Last Sunday Cartier aired a 3 ½ minute long commercial on three major networks: CBS, ABC, and NBC. This was a major shift in marketing dollars for the luxury retailer, as its previous media placement spend has been mostly allocated to magazine advertisements.
So, why the sudden shift to $3 million TV commercial placements?
When live TV commercials were first introduced in the 1940s, the commercials ran at 60 second spots and eventually decreased to the more modern 15 second time spots. Today, these 15 second spots enable most TV advertisements to be creatively short. They usually highlight value and benefits and are ultimately all versions of one another, at least within each industry. Many are lacking in differentiation and consumer appeal.

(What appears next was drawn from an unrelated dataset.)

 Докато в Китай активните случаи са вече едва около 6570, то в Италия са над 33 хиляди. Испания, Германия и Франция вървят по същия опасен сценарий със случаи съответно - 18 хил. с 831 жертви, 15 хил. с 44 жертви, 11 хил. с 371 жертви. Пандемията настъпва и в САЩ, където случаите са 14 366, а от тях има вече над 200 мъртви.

Recently, however, there have been a number of retailers, including Chipotle and Gap Inc., that have caught sight of this redundancy. They shifted strategy and instead opted to create multi-minute long TV commercials. Not only are these advertisements enormously longer than competitors, but as a consequence they tend to “roadblock” competitors from airing during the same sitcom.

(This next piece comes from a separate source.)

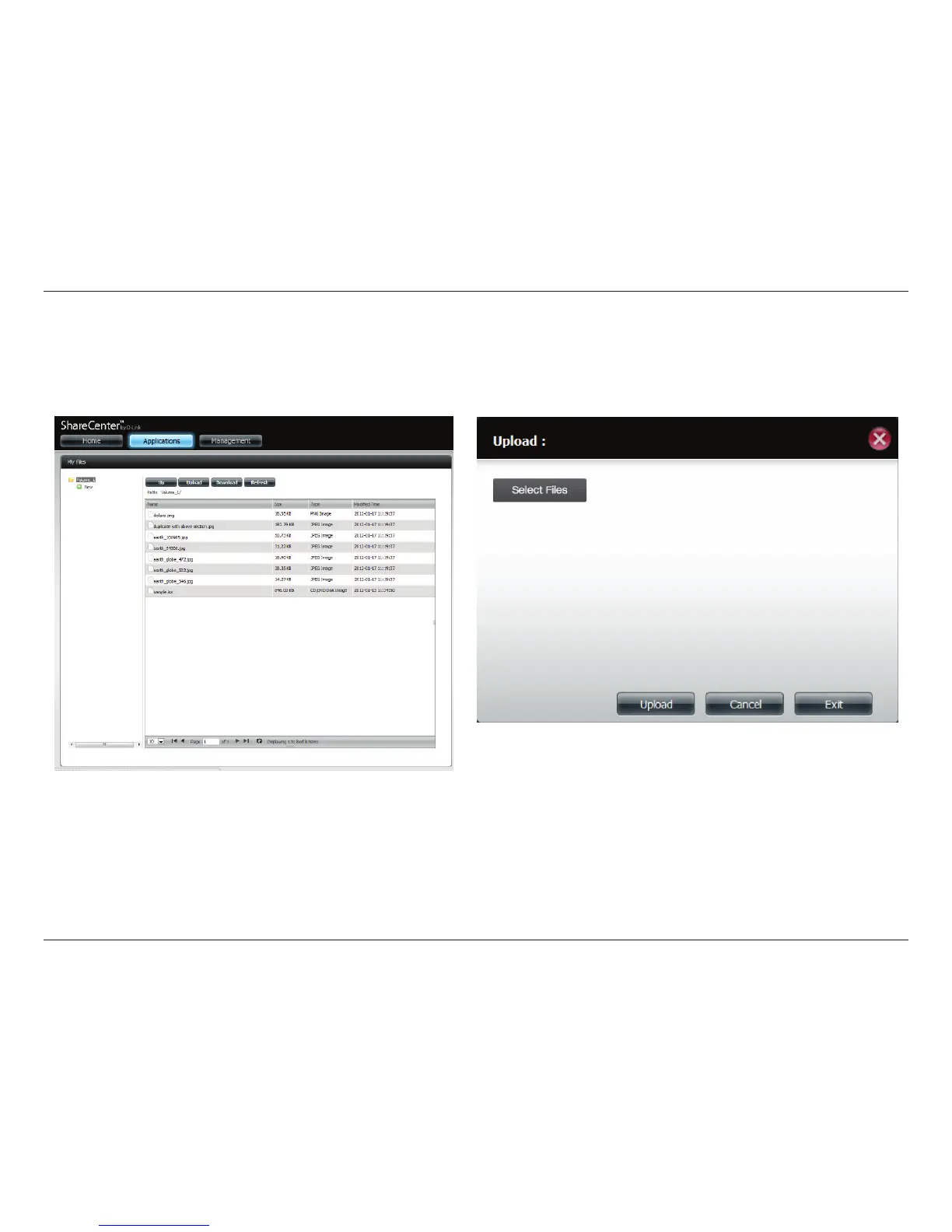 To upload more les to the volume you have selected, click the Upload button. Click the Select Files button to nd les on your computer to upload

The most recent contender, Cartier, debuted its new commercial on Sunday night. The debut appropriately aired during “The Good Wife”, “Celebrity Apprentice”, and “Desperate Housewives” sitcoms, all with demographics akin to that of Cartier’s target audience. Their commercial placement is of heightened importance because Cartier needed to not only grasp and hold consumer attention span for minutes longer, but also ensure that the many more dollars invested in capturing the extra time have a valuable return.
So, how does Cartier do this?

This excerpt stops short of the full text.